2013
12-29

# hdu 2095 find your present (2)-数学[解题报告]C++

In the new year party, everybody will get a "special present".Now it’s your turn to get your special present, a lot of presents now putting on the desk, and only one of them will be yours.Each present has a card number on it, and your present’s card number will be the one that different from all the others, and you can assume that only one number appear odd times.For example, there are 5 present, and their card numbers are 1, 2, 3, 2, 1.so your present will be the one with the card number of 3, because 3 is the number that different from all the others.
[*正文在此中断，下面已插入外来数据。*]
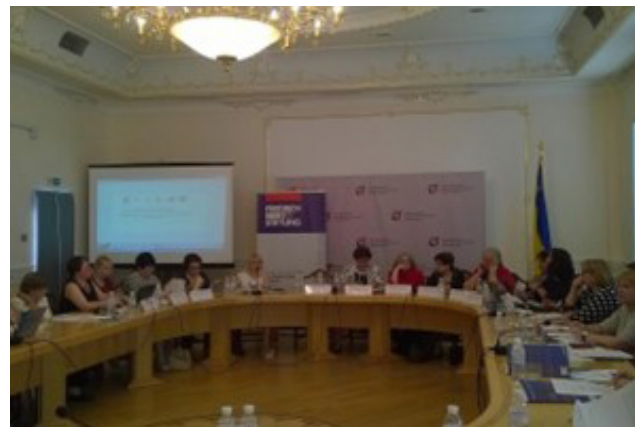
Фото. Київ, Україна, Секретаріат Уповноваженого Верховної Ради з прав людини, 20.09.2019. Жіночі організації презентують Паралельний звіт спільно з Уповноваженим Верховної Ради України з прав людини.

В кейсі представлена виконана 2019 року моніторингова та адвокаційна робота українських жіночих організацій щодо стану дотримання прав жінок, з опорою на залучення міжнародних моніторингових механізмів, а саме – Пекінської платформи дій. Описано процес паралельного звітування жіночими організаціями за 25-річний період імплементації в Україні Пекінської платформи дій; а також, написання ними першого за чверть сторіччя паралельного звіту «Пекін + 25: Україна», самостійно виконаного лише ресурсами партнерських жіночих організацій. Висвітлені подальші адвокаційні кроки жіночої громадськості у її діалозі з урядом України та з глобальною феміністською спільнотою, зроблені на основі цього звіту. Показані окремі результати діяльності.
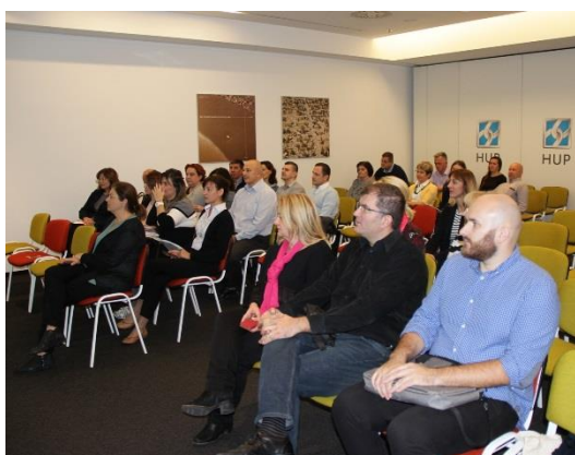
Horvātijas nacionālā skillME konference 2017.gada 29.septembrī, Zagrebā (Horvātija)

Projekta partneri visās dalībvalstīs organizēja arī nacionālās konferences , lai prezentētu projekta rezultātus un sasniegto ieinteresētajām pusēm. Konferenču izraisīja lielu interesi, un tās apmeklēja liels skaits uzņēmēju, kuri ir ieinteresēti savu darbinieku apmācībā, profesionālās izglītības iestāžu pārstāvji, kas ir ieinteresētas audzēkņu apmācību ieviešanā, kā arī citi interesenti.
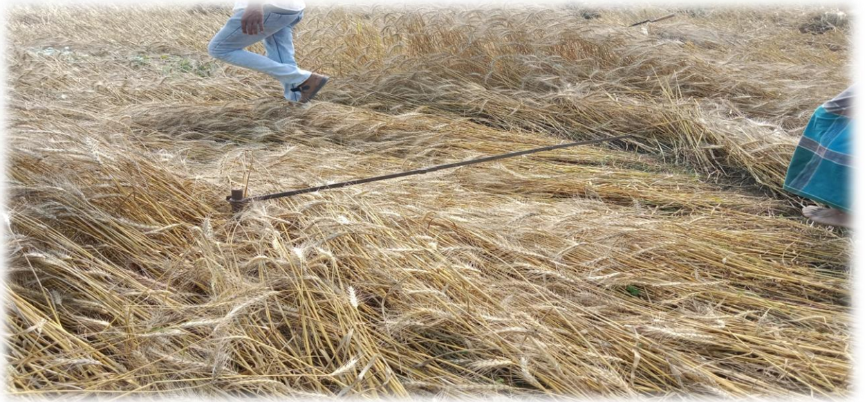
গম কর্তন এর প্রামাণ্য স্থির চিত্র
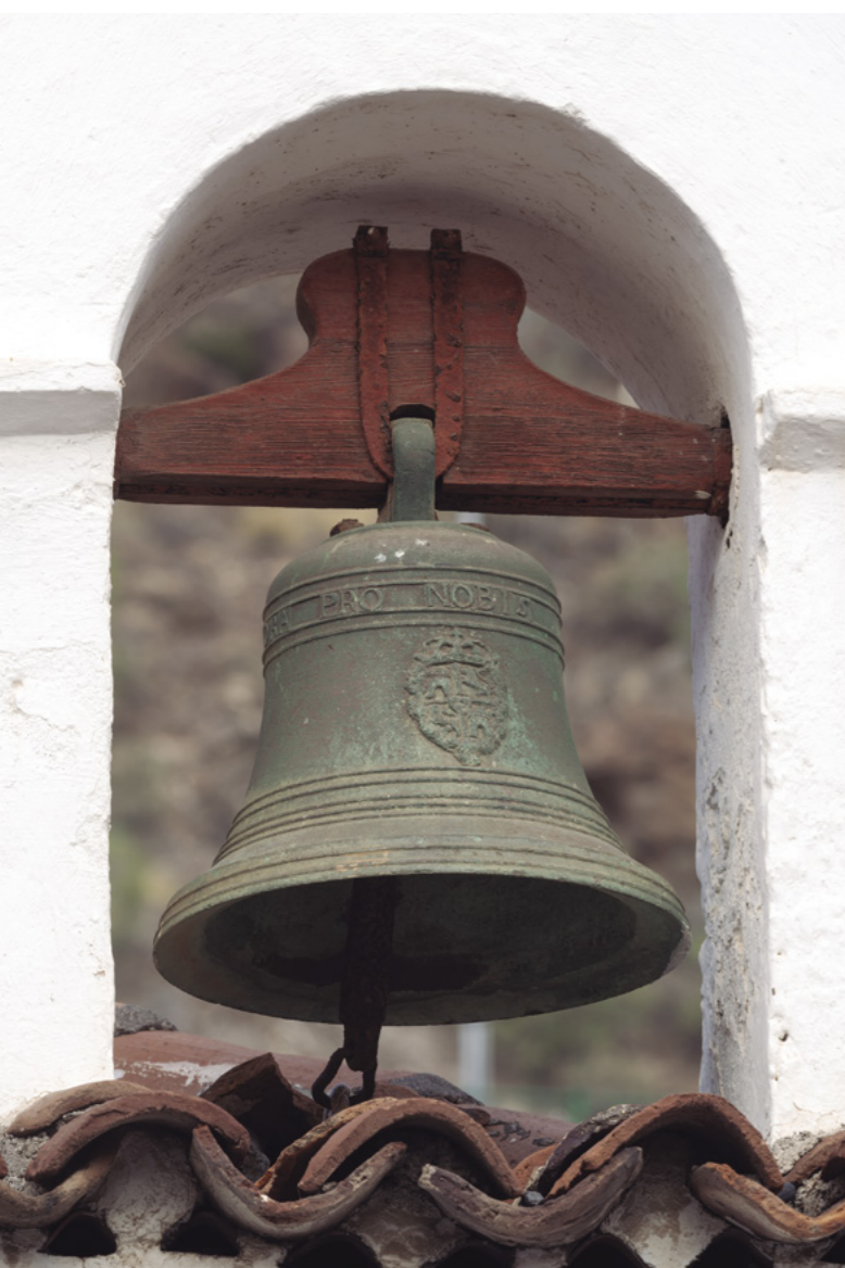
■ FIG. 4. CAMPANA [DETALLE DE LA DEDICATORIA Y DEL ESCUDO HERÁLDICO]. ANÓNIMA. SEVILLA (S. XVIII). ERMITA DE SAN SEBASTIÁN. SAN SEBASTIÁN DE LA GOMERA.

Además de esta, son dignas de mención las campanas fundidas durante el siglo XIX, todas ellas de diversa procedencia. La pieza más antigua corresponde a la ermita de Santiago Apóstol (Valverde). Se trata de un instrumento procedente de Cantabria (España) fabricado en 1817 por Francisco Javier del Otero (fig. 8).
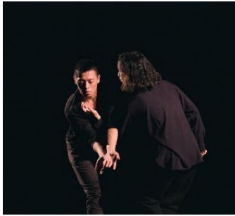
中國文化大學舞蹈研究所碩士畢業 古舞團團員

台南西拉雅族，中國文化大學舞蹈研究所碩士、中國文化大學舞蹈學系畢業，現為「古名伸舞團」團員，即興舞蹈、接觸即興推廣教師、「三十舞蹈劇場接觸即興」課程指導，近年積極以即興舞蹈與接觸即興之形式，融匯於當代舞蹈創作及肢體開發。專業授課於國高中舞蹈藝才班外，同時於古舞團台東即興工作坊、北京七七藝術生活節、坊間舞蹈團進行現代舞、即興舞蹈、接觸即興教學。
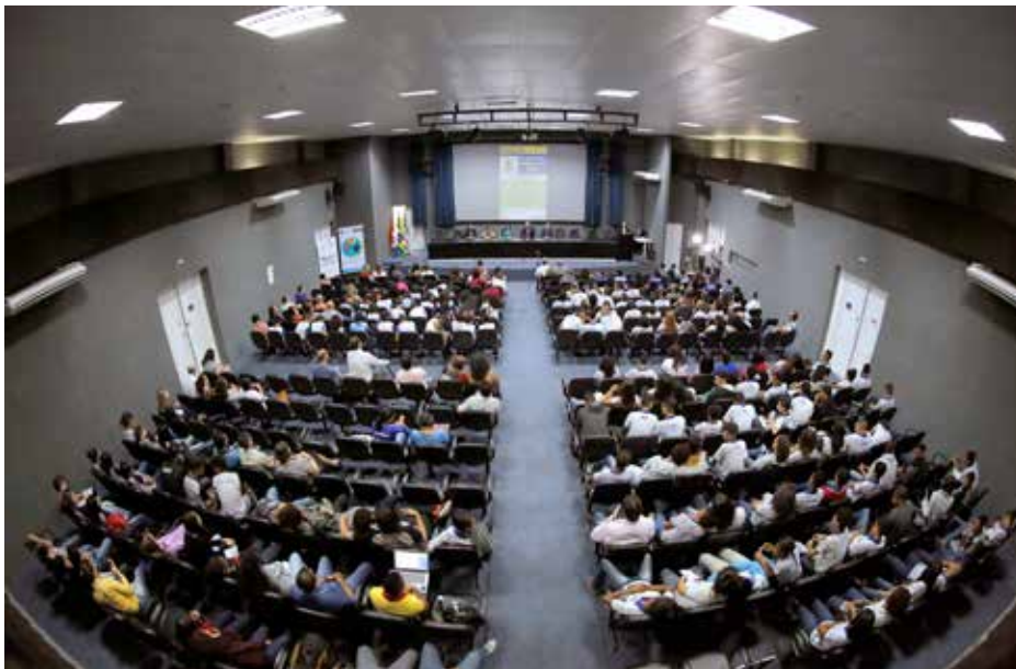
Mais de 250 pessoas lotaram o auditório da Esmal para participar de seminário sobre paz, cidadania e justiça.

Outro destaque foi a comemoração dos 10 anos do Encontro de Filiação e Paternidade em Alagoas
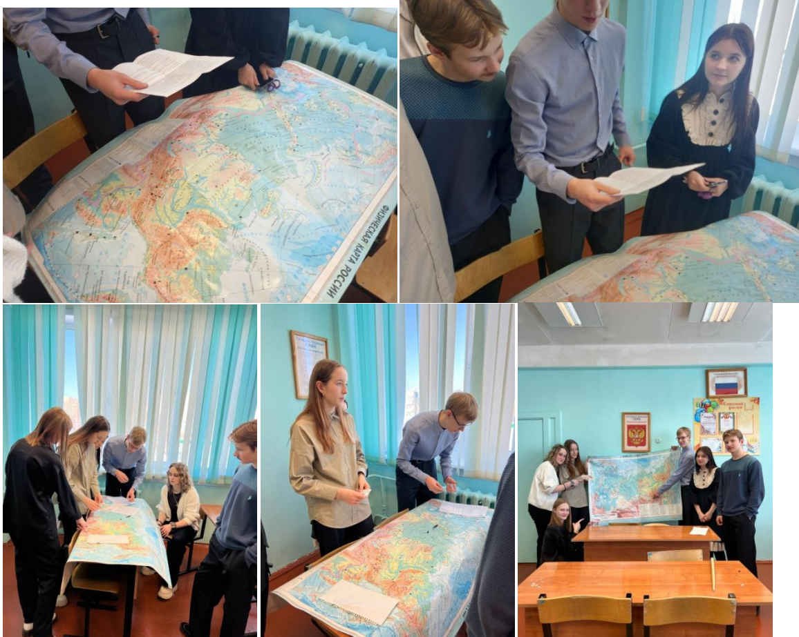
Часть 9. Впрочем, звонит телефон Работа с географической картой.
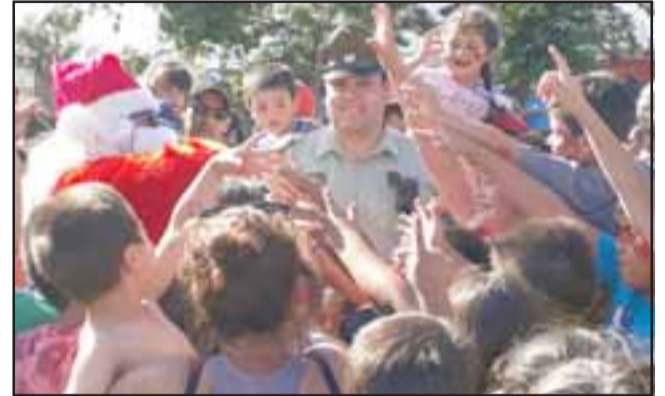
Los niños estaban ansiosos por la visita del Viejito Pascuero en la comuna de Llay Llay.
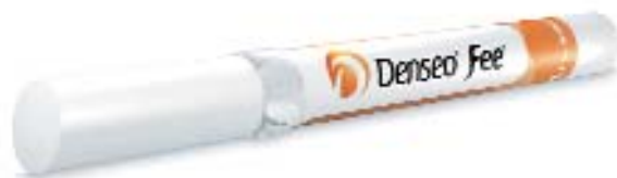
Die patentierte Denseo Fee erfüllt eine ähnliche Schutzfunktion wie der natürliche Zahnschmelz.

Basis zu entwickeln, die den Vorsprung der Natur deutlich verkürzt und damit neue Maßstäbe in der Keramikentwicklung setzt. Denn die Untersuchungen zeigen: Angewandt wie ein Glanzbrand, lässt sich mit dieser neuen Substanz die Qualität einer herkömmlichen Keramikkrone in fast allen Parametern deutlich steigern – zum Teil sogar über 70 Prozent.
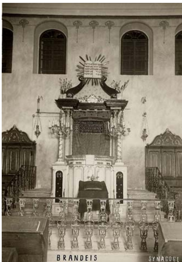
synagoga – východní stěna s aronem ha-kodeš (foto kolem r. 1941)
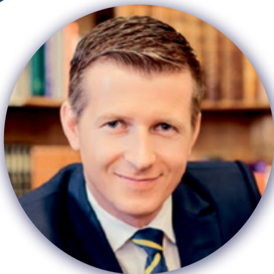
LORAND SOARES SZASZ STRATEGII EFICIENTE PENTRU CREȘTEREA FIRMEI TALE
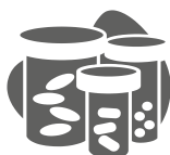
tablety, pilulky, pastilky
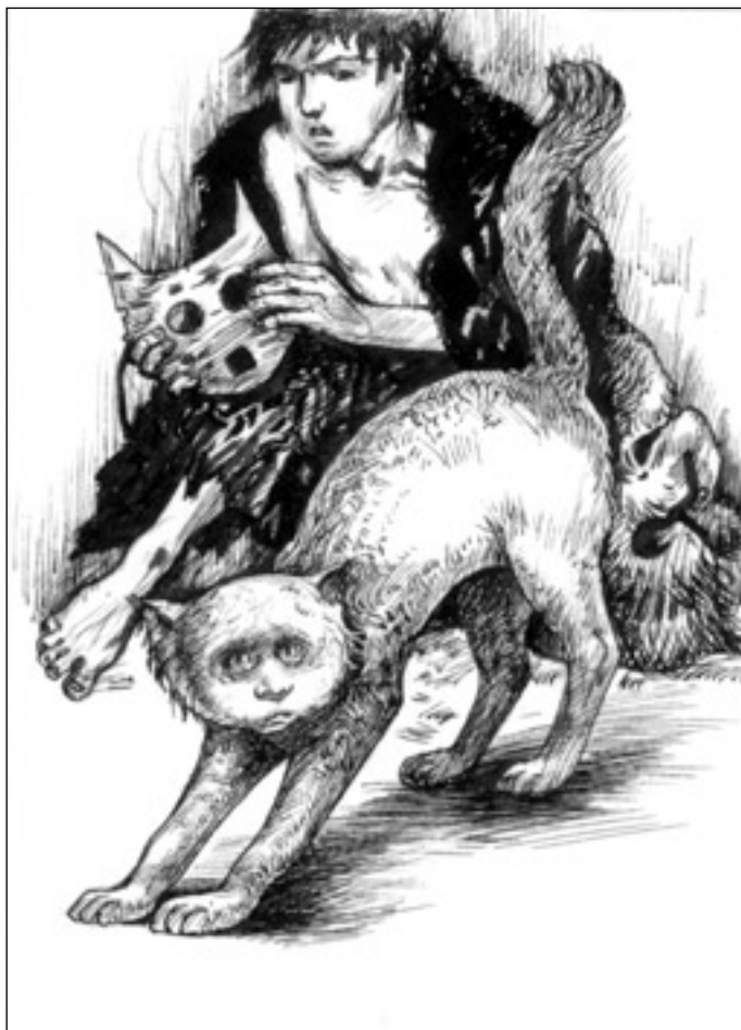
Иллюстрация Владимира ОВЧИННИКОВА
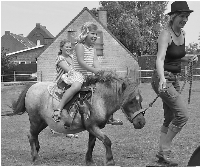
Plezier voor de kleintjes
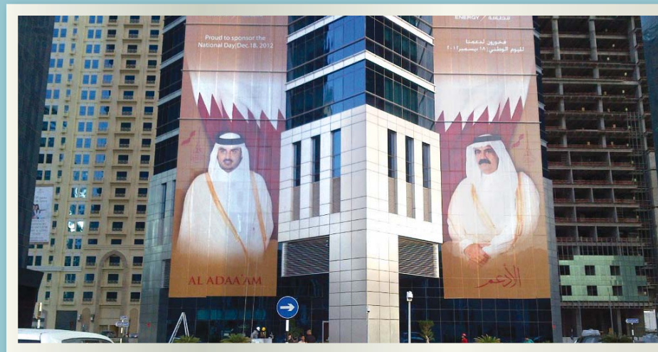
برج دولفين للطاقة في اليوم الوطني في قطر

احتفالاً باليوم الوطني لدولة قطر نظمت إدارة العلاقات العامة في شركة دولفين للطاقة احتفالاً أستم من الساعة ١١ صباحاً ولغاية ٢ بعد الظهر في ١٧ ديسمبر ٢٠١٢ في قاعة المناسبات في برج دولفين للطاقة. وقد صمم فريق العلاقات العامة ركناً مستوحاً من البيئة الثقافية والتراثية لدولة قطر وجرى توزيع الهدايا على جميع الموظفين احتفالاً بهذا اليوم التاريخي العام.
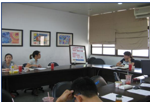
提出檢討改進建議

The input file will consist of several cases.
Each case will be presented by an integer n (1<=n<1000000, and n is odd) at first. Following that, n positive integers will be given in a line, all integers will smaller than 2^31. These numbers indicate the card numbers of the presents.n = 0 ends the input.

The input file will consist of several cases.
Each case will be presented by an integer n (1<=n<1000000, and n is odd) at first. Following that, n positive integers will be given in a line, all integers will smaller than 2^31. These numbers indicate the card numbers of the presents.n = 0 ends the input.

5
1 1 3 2 2
3
1 2 1
0

3
2

HintHint
use scanf to avoid Time Limit Exceeded

http://acm.hdu.edu.cn/showproblem.php?pid=2095

（2）you can assume that only one number appear odd times.根据这句话可以想想更高效的算法，思考中……

（3）用异或运算符

110，即6。
几个数异或满足交换律。2^3^2=2^2^3=0^3=3.
两个相同的数异或为0，普通数都出现了偶数次，所以它们异或后都是0，而0与那个特别数异或后还是那个特殊数。

Accepted 2095 562MS 180K 226 B G++ rll

#include<stdio.h>
//异或运算的运用
int main()
{
int t,a,sum;
while(scanf("%d",&t)&&t!=0)
{
scanf("%d",&sum);
t--;
while(t--)
{
scanf("%d",&a);
sum^=a;
}
printf("%d\n",sum);
}
return 0;
}

1. 给你一组数据吧：29 10 10 10 10 10 10 10 10 10 10 10 10 10 10 10 10 10 10 10 10 10 10 10 10 10 10 10 10 1000。此时的数据量还是很小的，耗时却不短。这种方法确实可以，当然或许还有其他的优化方案，但是优化只能针对某些数据，不太可能在所有情况下都能在可接受的时间内求解出答案。

2. 思路二可以用一个长度为k的队列来实现，入队后判断下队尾元素的next指针是否为空，若为空，则出队指针即为所求。

3. 老实说，这种方法就是穷举，复杂度是2^n，之所以能够AC是应为题目的测试数据有问题，要么数据量很小，要么能够得到k == t，否则即使n = 30，也要很久才能得出结果，本人亲测

4. Good task for the group. Hold it up for every yeara??s winner. This is a excellent oppotunity for a lot more enhancement. Indeed, obtaining far better and much better is constantly the crucial. Just like my pal suggests on the truth about ab muscles, he just keeps obtaining much better.